Primeiro chega o convite, com vários meses de antecedência, acompanhado de um esboço do programa: ouvir o que os técnicos do projeto têm para dizer e tentar fazer as perguntas certas, para dizerem um pouco mais. Depois guiar o carro em estrada, mas com a carroçaria e os interiores camuflados.

A película mágica

Não é a primeira vez que, no âmbito da minha qualidade de jurado do Car Of The Year (peço desculpa pela formalidade…) sou convocado para uma sessão deste género. Com a invenção das películas pretas e brancas que fazem um “nó” nos olhos e baralham as câmaras fotográficas, este tipo de evento tem ganho popularidade entre as marcas: convidar alguns jornalistas para guiar, em primeira mão, uma unidade “pré-série”, sem realmente poder ver como é o estilo. Admito que me sinto frustrado por vir de lá sem ter visto o carro, mas a possibilidade de o guiar em estrada, totalmente à minha vontade e até com uma passagem programada por uma pista de terra com obstáculos TT, mais do que compensou.

Sim, eu prometo…

Há formalidades a cumprir, como assinar uma carta de compromisso a garantir que não vou publicar nada sobre o carro antes de uma determinada data – na verdade é uma questão de dar a todos os jornalistas a mesma oportunidade, pois o evento costuma durar vários dias. Antigamente, os enviados especiais dos cinco maiores mercados, tinham sempre prioridade.

Fui autorizado a levantar a manta que cobria todo o tablier, mas foi uma espreitadela “for your eyes only” sem direito a fotos

Fotografar é possível, mas só por fora. Por dentro, fui autorizado a levantar a enorme manta que cobria todo o tablier e consola, exceto o painel de instrumentos. Mas foi uma espreitadela “for your eyes only” sem direito a fotos. Há duas razões para isto. A primeira é por uma questão de gestão de expetativas no público, para lhes criar a curiosidade que será satisfeita mais tarde. Por outro lado, sendo pré-séries, por vezes a qualidade dos materiais ainda não é a final, e a marca não quer dar uma ideia errada do produto final.

Pré-série feitos à mão

Estas primeiras unidades são muitas vezes montadas com muito maior percentagem de mão-de-obra humana do que as que vão sair da linha de produção automatizada, mas isso não quer dizer que sejam melhores ou piores. O que quer dizer é que o seu custo foi muito superior, subindo a valores de que os responsáveis das marcas raramente querem falar, para não escandalizar ninguém.
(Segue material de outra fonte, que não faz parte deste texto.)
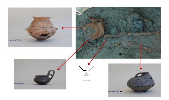
Fig. 4. tomb SP700743 with set disposition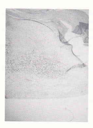
Figure 3. Skin biopsy from a distal part of dorsum pedis revealed hyperkeratosis, acanthosis with Langhans cells, chronic inflammatory infiltrates, and some epitheloid cells in the dermis.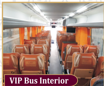
VIP Bus Interior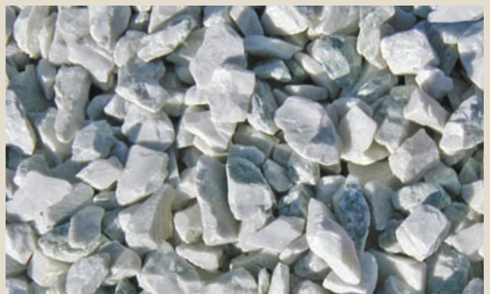
Marble 1 1/4"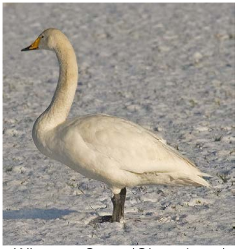
Whooper Swan (Singschwan)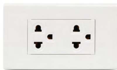
Three pins plug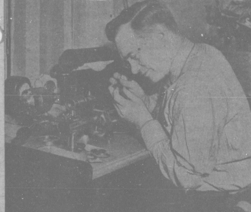
Warren K. Billings, who served 23 years of a life sentence in Folsom prison in connection with the San Francisco Preparedness day bombing in 1916, is now running his own watch-repairing shop in San Francisco. Billings learned the profession in prison, where he says he worked on 10,000 watches owned by fellow prisoners and prison officials. Billings is pictured at his workbench, surrounded by tools presented him by friends, many of whom worked diligently to secure his release from Folsom. Tom Mooney, convicted with Billings, was released from San Quentin after serving 22 years.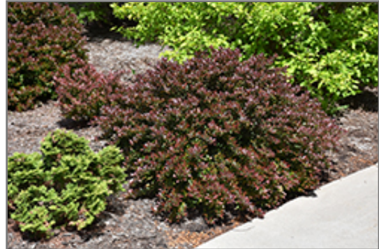
Concorde Japanese Barberry

Concorde Japanese Barberry is recommended for the following landscape applications;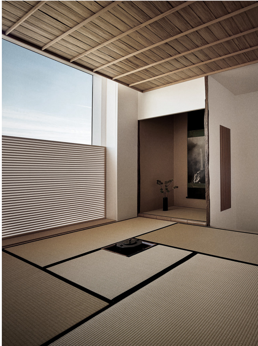
Fig. 10 Hiroshi Sugimoto, ' Ukitsu ' Tea Room, 432 Park Avenue, New York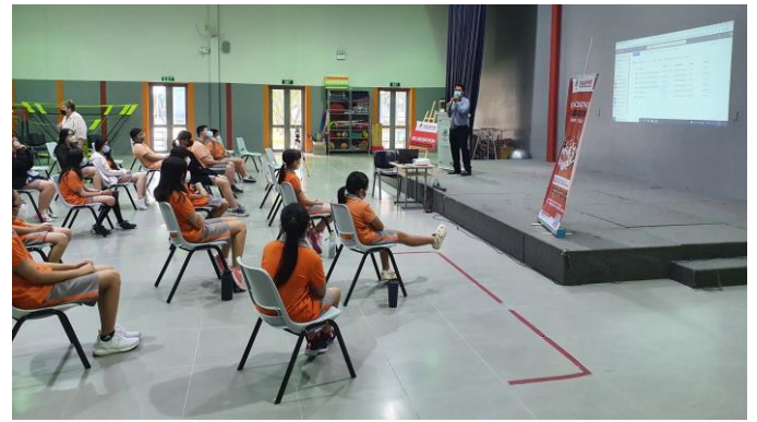
Our senior students watching the Hackathon presentations with interest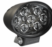
Part Number 0550711 12-24V LED Auxiliary Light with Pencil Beam Auxiliary Light - 1 Light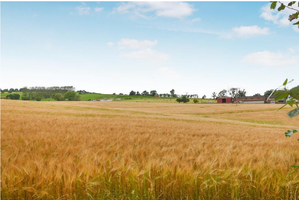
Next Home - Mardon, Burnhead Road, Blairgowrie, PH10 6SY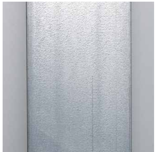
Z 275 surface finish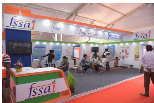
FSSAI Stall at 104 th ISC- PoI Expo

4.4 Food Safety Knowledge Assimilation Network (FSKAN), a new initiative of FSSAI was unveiled by Chief Minister Sh. N. Chandrababu Naidu on 3 rd January, 2017. Sh. N. Chandrababu Naidu appreciated & acknowledged the efforts of FSSAI towards creating a network of scientific cooperation network.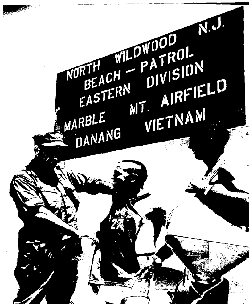
Supporting Art III MAF Release #759-65 Photo Release #1-327-65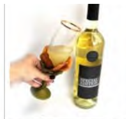
POLYMER CLAY FLOWERS TUTORIAL – GOBLET FLOWER "FLOWER ACADEMY" (EBOOK+VIDEO) $22.00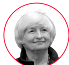
Janet Yellen Secretary of the US Treasury (TBC)

Números com seis algarismos, pelo menos.

Ouvir os outros

Estes testes com a imprensa também servem para ouvir a opinião de pessoas que guiam dezenas ou centenas de carros por ano e que têm uma sensibilidade muito particular para avaliar e fazer comparações com a concorrência de forma muito imediata. Algumas marcas chegam a dizer que ouvem esses comentários e que depois os incorporam na versão final. Na maioria das vezes, isso é apenas uma cortesia para nos fazer pensar que somos importantes. Mas há casos de pequenas afinações, tipicamente de suspensão, transmissão e calibragem de motor que são de facto feitas após estes testes.

Conclusão

No final, quase sempre saio destes eventos com a promessa de voltar para ver o produto final, já sem a irritante película e com os responsáveis da marca dispostos a falar com maior detalhe sobre o produto. Neste caso, o ensaio tinha como protagonista o Seat Tarraco, o SUV de sete lugares que se vem posicionar como o topo da marca espanhola. Mas o procedimento é quase sempre o mesmo, com todas as marcas. Detalhes dos bastidores da indústria automóvel, uma das mais complexas.